自然の脅威を前に、我々人間はただただひれ伏す事しか出来なかった。


噴火から間もなくして、TOMMYがホームとしている清流“木曽川”では、遥か上流より流れて来る火山灰によって、川が死んだ。

落ち鮎シーズンに突入したばかりの十月頭の出来事だった。


木曽川に通うようになってから十年余り。

これまでに見た事のない白濁。

雨による濁りとは明らかに違う、有酸素の少ない水色。

魚の姿が消え、底石や辺りのゴロタにはびっしりと火山灰が張り付いた。



それでも、自然の回復力を信じ木曽川に通い続けた。

長良川や揖斐川に場所を変えれば、魚は釣れたであろう。
しかし、TOMMYは木曽川にこだわった。


ベイトの姿も見えず、ボラもまったく跳ねないノーバイトの日。

ベイトの姿がちらほら、鳥が水面で群れをなし、目の前をヌートリアが泳いでいた日。

遠くから来てくれた友人達と共に竿を振った日。


何も反応が得られない、そんな日を繰り返す日々。


しかし、日々着実に水が回復していくのは目に見えた。


邪道から新しく発売されたGraver Hi115S、そして来春に発売予定のEnvy105も試さなければならない。


(川を変えるか・・・)

一時はそう考えた事もあった。


なぜここまで木曽川にこだわっているのか、自分でもわからなかった。

釣りがしたい。魚を釣りたい。
人一倍そう感じているはずなのに。

がしかし、
『目を背けてはいけない。』 そんな思いがそうさせた。



ログも書かず、他人の釣果さえ目に触れず、数週間を過ごした。

その間に南紀のヒラズズキにも逢いに行った。
結果は4ヒット、4バラシ・・・。(笑)



そうこうしている内に、赤とんぼの姿が消え、風からは香りが消えた。
水温もかなり冷たくなって、いよいよ冬の足音が聞こえ始めた。


そんな折、いつもの様にポイントに向かう途中、パチャ!パチャ!とベイトが跳ねる音がした。

そしてボラが体を打つ音まで。

(帰って来た!)


いる!きっとシーバスもいる。


もっとも信頼を置く、ERDA86(ドラゴン)でゆっくり流れの中を這わせると、ゴン!と待望のバイト!

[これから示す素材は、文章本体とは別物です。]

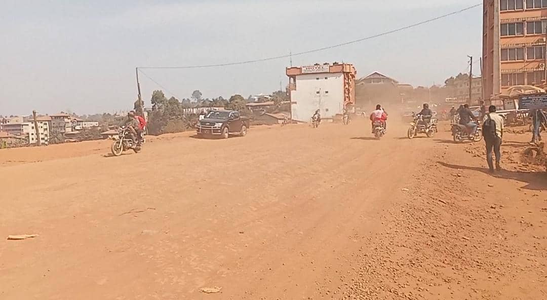 As early as 6:30am downtown Bamenda, the dust has already filled the air. Taxi drivers, bikers and passengers who drive across the Ngeng junction-Meta quarter stretch, passing through finance in Bamenda, North West region of Cameroon are all covered with face masks but their eyebrows and hair are coloured with the orange and brown mixture. Amidst the dust both in the air and on the ground, are perishables, cars, clothes just to name but these.

惜しくも針掛かりしなかったが、たしかにシーバスのアタリであった。


この日は満潮からの入川。
本来、このポイントの時合いは下げ4分から8分まで。
しかしこの日は、下げはじめてからすぐにバイトがあり、しかもそれ以降はボラも消え、まったく反応がなくなってしまった。


しばらく川の様子を見て考察。

どうやらこいつも、火山灰による『時合いの変動』だとTOMMYは感じた。

本来、上げで海からさしてきた塩水クサビは、下げと共にまた海へとかえる。

そのクサビが下げの4分から8分に一番効く川の流れと相まって、魚の活性を上げているのがこれまでのこのポイントの特徴だった。


水質も戻りつつあり、魚も戻って来た。

が、いつも釣れるその時合いには下げも効いて50cm程水深も下がってしまう為に、また火山灰による濁りだけが残った水質になってしまうのが今の現状。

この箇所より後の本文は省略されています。